▶ DATA SECTION

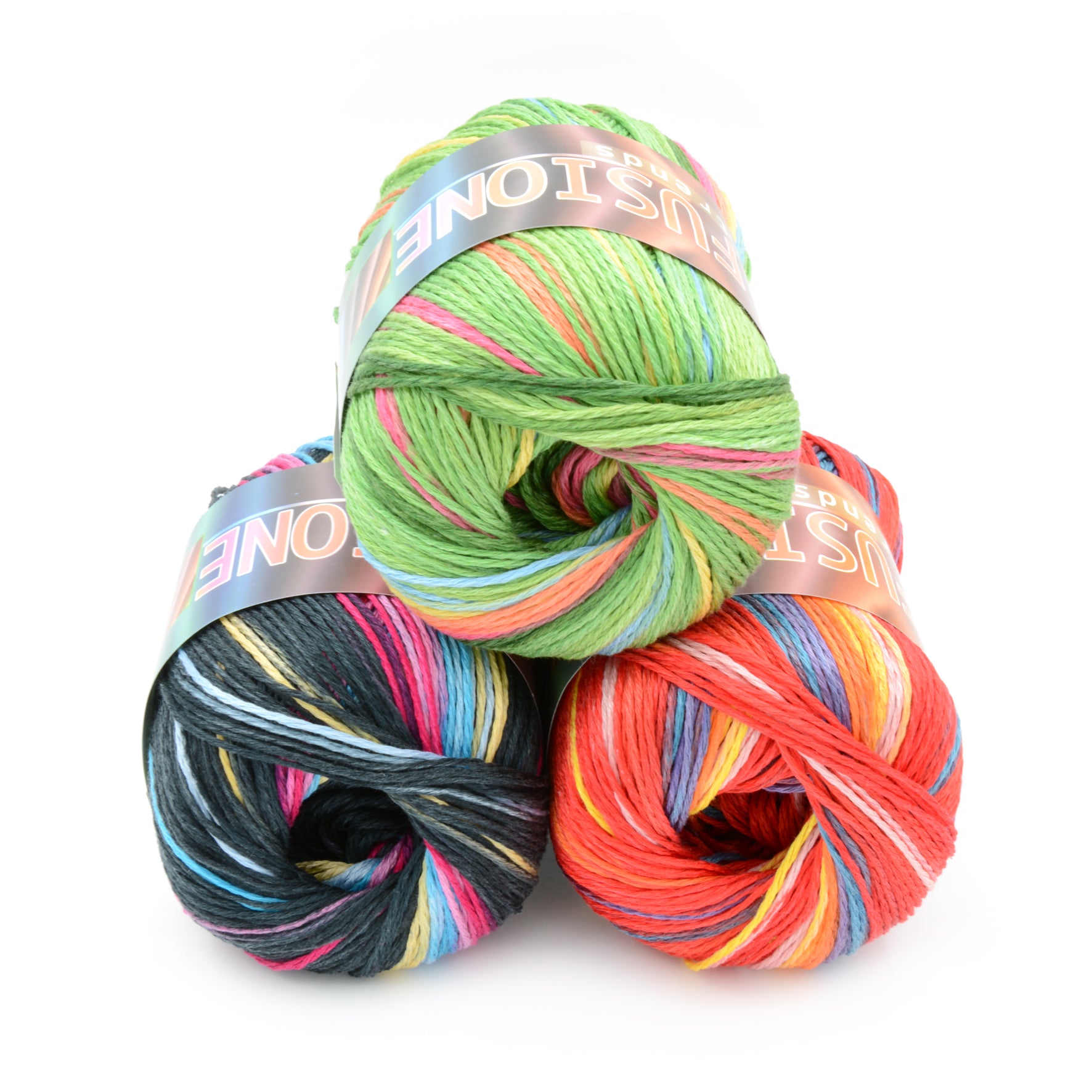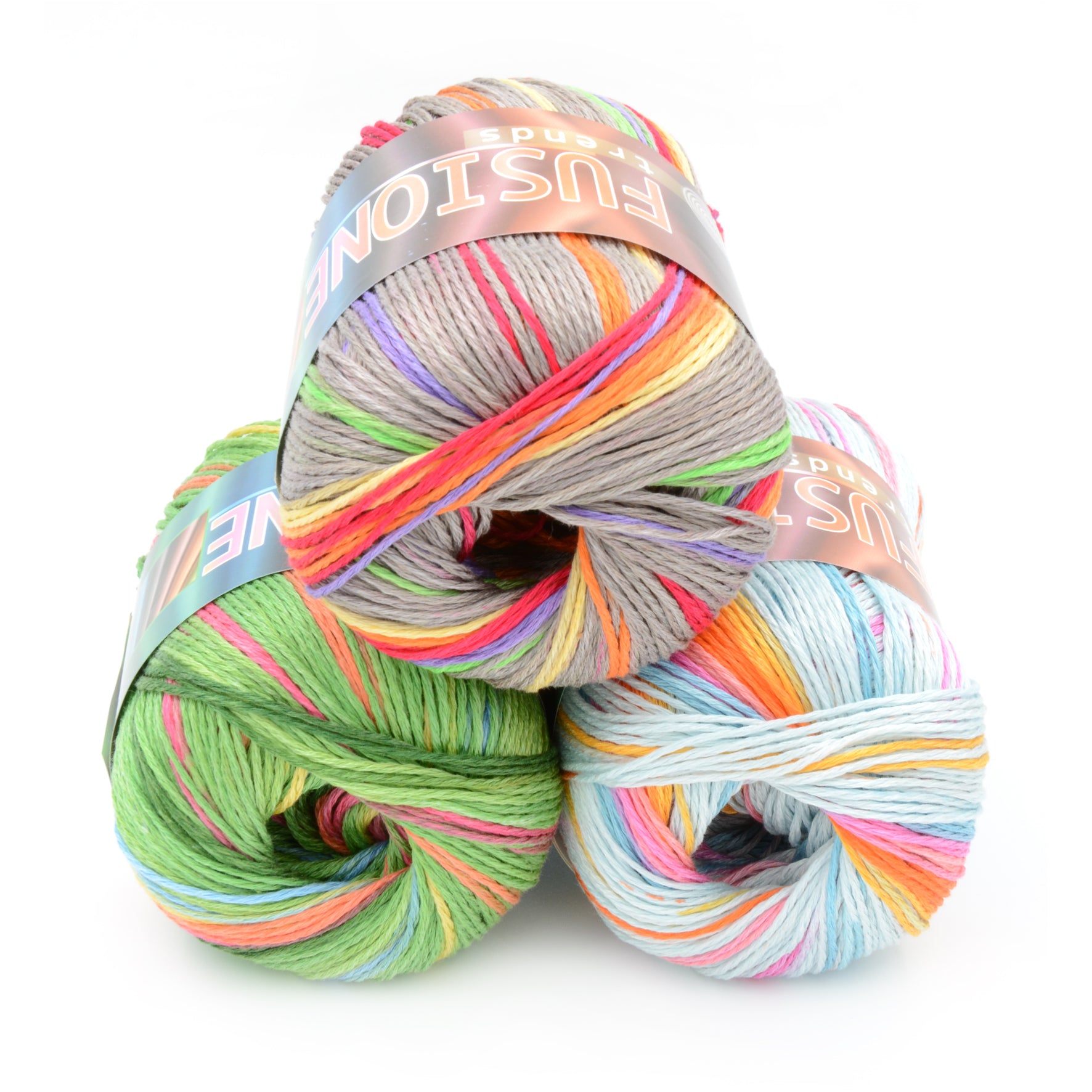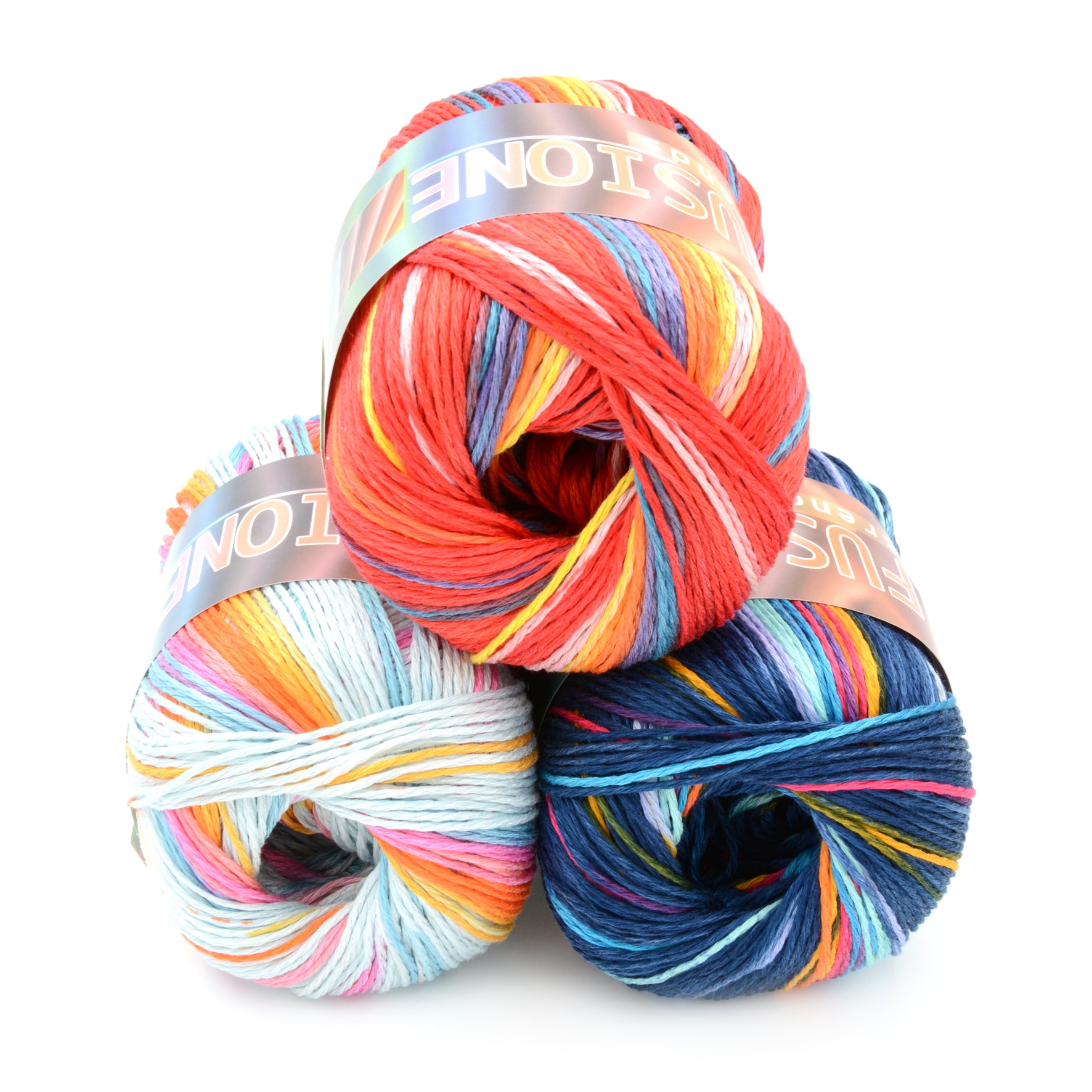 Un filo di cotone 100% tinto con una tecnica inedita. Le sue sfumature si fondono con strisce separate su base tinta unita. Due le tonalità proposte su cinque basi colorate.
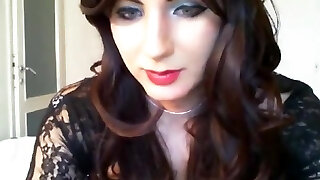 Crossdresser Bree flashes us her sexy wardrobe and strokes
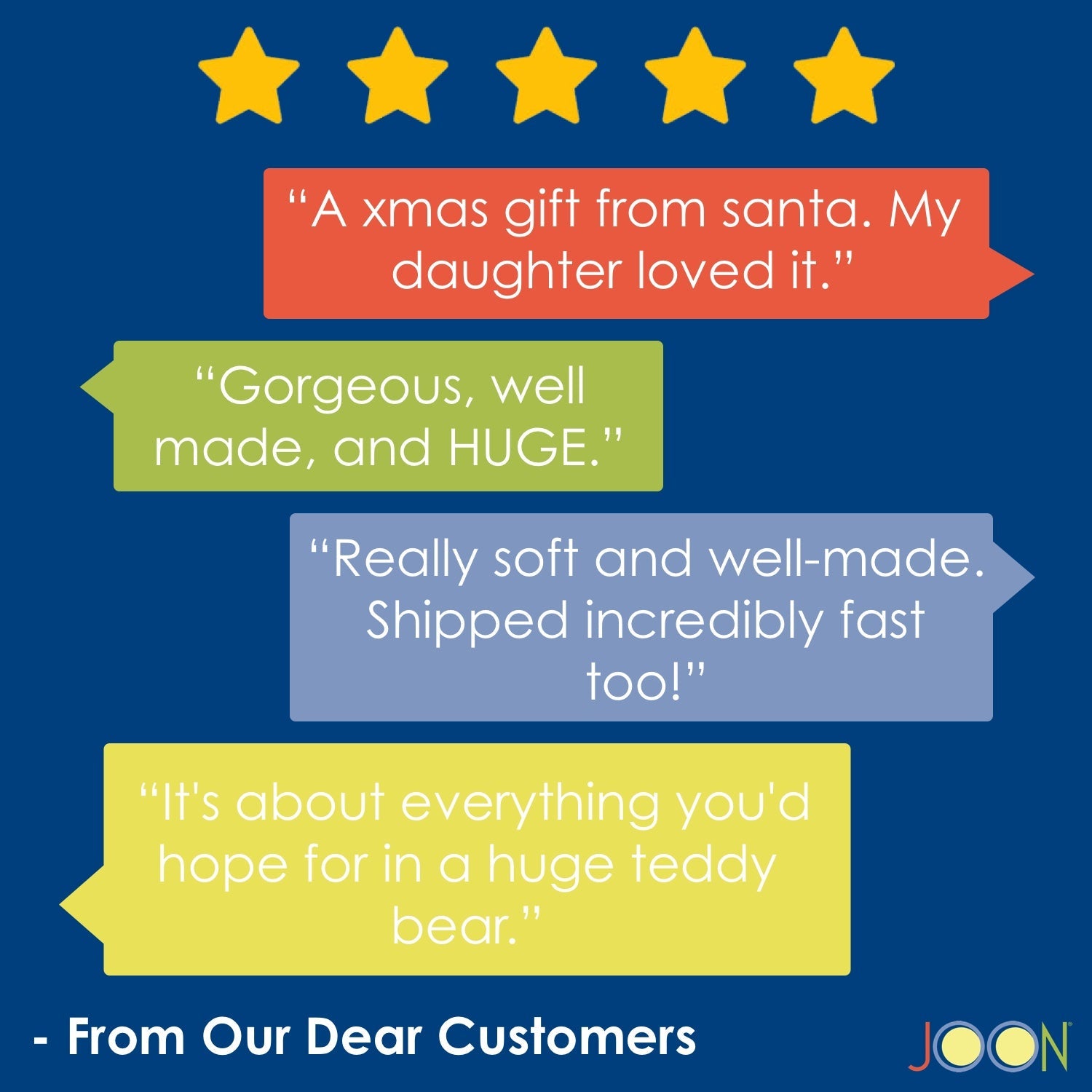 The Joon Super plush huge teddy bear now comes in pink. This beautiful bear will provide endless enjoyment for your young one. The Joon bear makes a wonderful gift for any new born baby girl or girlfriend. Measures approximately 38" Toes to Ears. The bear Measures approximately 24" sitting down.
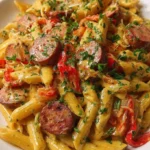 The rich aroma of smoky sausage mingling with creamy garlic sauce fills your kitchen, beckoning with promises of warmth and comfort. Pasta dances in boiling water while vibrant vegetables sizzle, releasing their unmistakable fragrance into the air. It’s the kind of dish that speaks to both the soul and the senses—a supper that wraps you in a loving embrace. The moment you take a bite, the flavors explode with the kick of Cajun seasoning, the creaminess of heavy cream, and the hearty goodness of perfectly cooked pasta.

▶ WORK ITEM
Beginning with the line in which "The Joon Super" appears, repeat exactly each line down to the close of the material, leaving every picture out.

▶ TASK SOLUTION
 The Joon Super plush huge teddy bear now comes in pink. This beautiful bear will provide endless enjoyment for your young one. The Joon bear makes a wonderful gift for any new born baby girl or girlfriend. Measures approximately 38" Toes to Ears. The bear Measures approximately 24" sitting down.
 The rich aroma of smoky sausage mingling with creamy garlic sauce fills your kitchen, beckoning with promises of warmth and comfort. Pasta dances in boiling water while vibrant vegetables sizzle, releasing their unmistakable fragrance into the air. It’s the kind of dish that speaks to both the soul and the senses—a supper that wraps you in a loving embrace. The moment you take a bite, the flavors explode with the kick of Cajun seasoning, the creaminess of heavy cream, and the hearty goodness of perfectly cooked pasta.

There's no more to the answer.